As technology advances, so do conversations around what impact innovation has on human labor. This has been the case since at least the 16th century. Though the conversation has never entirely ceased, its volume has peaks and valleys.
Presently, we’re at a peak, which began growing in 2017 when the Google Brain team announced their Large Language Models (LLMs) breakthrough, and the conversation has reached what feels like a pinnacle as a result of OpenAI’s launch of ChatGPT.
In just five days, one million users flocked to ChatGPT (for context, it took Netflix 3 years to achieve this feat, and Facebook 10 months), and since its inception, generative AI has taken the world by storm.
As its name indicates, generative AI can generate net new text, speech, images, music, video, and code by leveraging foundation models. This differs from traditional AI approaches which can only describe, predict, or prescribe something based on existing content.
While there is plenty of hysteria that generative AI will soon take over the world and displace job functions in mass, we think of it from a different perspective.
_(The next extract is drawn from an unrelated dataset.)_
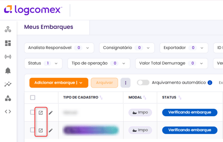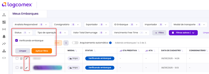 - Você pode utilizar os filtros disponíveis para encontrar o embarque desejado, como por exemplo Status igual a Verificando embarque;

We think it’s the combination of humans and machines that makes us stronger: making it easier to get things done, amplifying human creativity, and broadening the accessibility of software.
Modern Use Cases of Generative AI
Generative AI has a wide array of use cases from marketing tactics like brainstorming and developing campaign strategies and content at scale, to CRO strategies like structuring and generating sales descriptions based on past successful sales posts, to CX strategies like segmenting and personalizing content based on the preferences of individual users.
Let’s explore a few other unique applications:
- Text: ChatGPT, by AI research and deployment company OpenAI, is a major springboard of innovation across all industries, helping accomplish tasks like, creating PowerPoint presentations, drafting blog posts, and otherwise reducing creative blocks for in-house marketing teams. LLMs’ are also being used as an enhancement for modern-day chatbots, opening the doors to implementation-capable tactics as well. For example, Evolv AI’s latest text-to-variant product, currently in Beta, leverages the messaging framework for consumers to communicate CRO ideas, then implement outcomes to design for rapid experimentation and digital asset modification, without the help of developers or designers.
- Image: Text-to-image tools have made it possible to create images on the fly, some even winning art competitions. Brands are taking this innovation to the next level by identifying opportunities to combine personalization with Open AI tools. For example, Stitch Fix is experimenting with DALL-E 2 to create visualizations of clothing based on requested customer preferences for color, fabric, and style.
- Audio: Tech startup Adthos recently launched a platform that uses AI to generate scripts for audio ads making it possible to customize content with components like voiceovers, and sound effects to create fully produced ads quickly
- Video: In a similar vein as the Adthos example, Stability AI is disrupting the motion picture industry by making it possible to synthesize locations, backgrounds, faces, costumes and other assets - meaning film crews don’t need to be “on set” to produce the same effect.
- Code: By generating code in response to a command, developers can adapt the models for a wide range of use cases, with little fine-tuning required for each task. For example, scientists used GPT2 to create novel protein sequences based on the principles of natural ones.
Despite the vastly different use cases mentioned above, there is one commonality between all applications of generative AI. Generative AI still requires human input, but because AI handles some of the more tedious aspects of modern labor, humans can focus on creativity: prompting, editing, and iterating at scale, and with fewer resources.
According to a study conducted by Dell Technologies, 82% of leaders expect humans and machines will work as integrated teams within their organization within five years, and 42% of respondents believe they’ll have more job satisfaction in the future by offloading the tasks they don’t want to do to machines - freeing up time to do other tasks.
The Excitement Has Just Begun
The most powerful aspect of generative AI is its human-in-the-loop partnership. Content becomes stronger with the addition of user intent rather than content provided by stringent parameters and criteria, allowing for more personalized and tailored experiences for end users.
We anticipate as the race for the latest and greatest in generative AI presses on, we will continue to create more opportunities for humans to meet their full creativity capabilities, both by enabling non-technical users to do more with less, and by prompting humans with more starter ideas. This massive technological advance will play a huge role in driving human progress and growing our economies.